Specifically, in our experiments, we generate 5 environmental settings for each policy by adjusting H0 from 1 to 20 and train 16 RL models for each environmental setting. The RL models are trained on 8 V100 GPUs. The training time is approximately 8 h for each environmental setting.

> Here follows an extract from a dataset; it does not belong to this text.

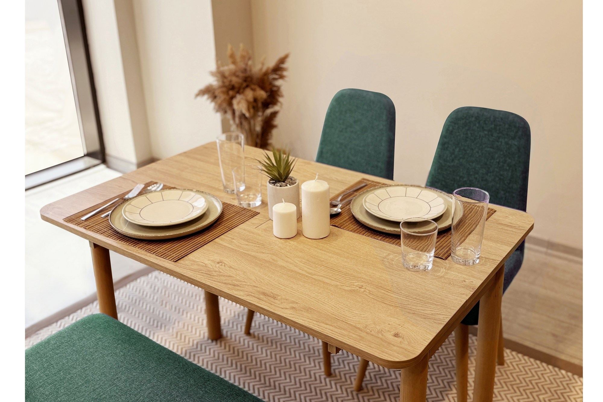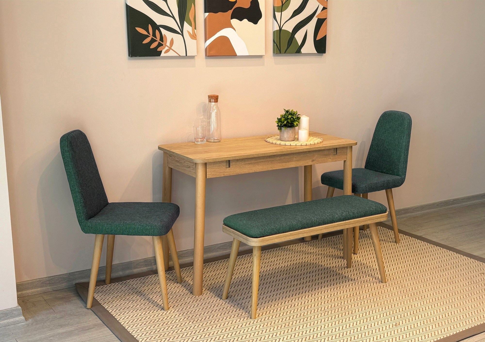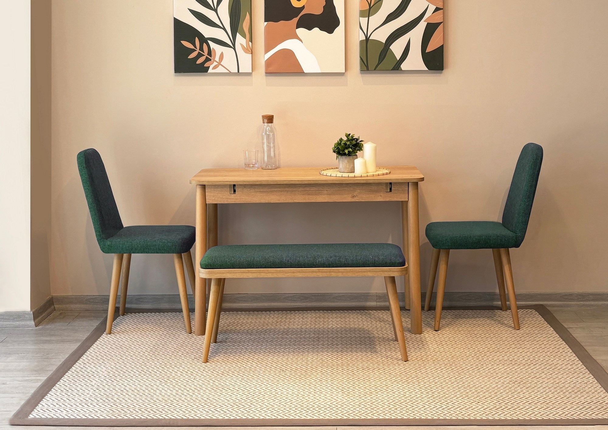 A székek és az asztal sima tölgyfurnérja egy csipetnyi kifinomultságot ad bármely étkezőhelyiséghez, míg a székek zöld színe modern csavart visz a szettbe. Akár vacsorapartit rendez, akár családi étkezést élvez, ez a szett meleg és barátságos légkört teremt a vendégei számára.

#### Daily std computation

The daily std is computed by: $${\textit{std}}(\{a^t | t=0,1,\ldots ,T\})$$ for city lockdown; and $${\textit{std}}(\{a^t_i | t=0,1,\ldots ,T, i=0,1,\ldots ,N\})$$ for community quarantine; and $${\textit{std}}(\{a^t_{i,j} | t=0,1,\ldots ,T, i,j=0,1,\ldots ,N\})$$ for route management. We set $$T=90$$ (4 h per control period, in a total of 90 periods in 15 days) for all policies to compare their complexity in the first 15 days of policy intervention. A large daily std means the government needs to smartly and frequently adjust restrictions, which poses high requirements on the government’s execution ability.

#### Heuristic policies

We simulate two kinds of popular real-world heuristic policies:

• City-fixed: Reduce all mobility in the city to a given rate. In addition to simulating the complete lockdown policy with 0% mobility, we further set the restricted mobility to 15% and 20%, since we find that they are at the boundary of successfully controlling the pandemic.

• EP-threshold: Similar to31, we define an expert policy in the community-control level: if a community’s hospitalization reaches a threshold, it will be locked down for certain days and then open for at least 1 day to satisfy the urgent mobility demands of residents.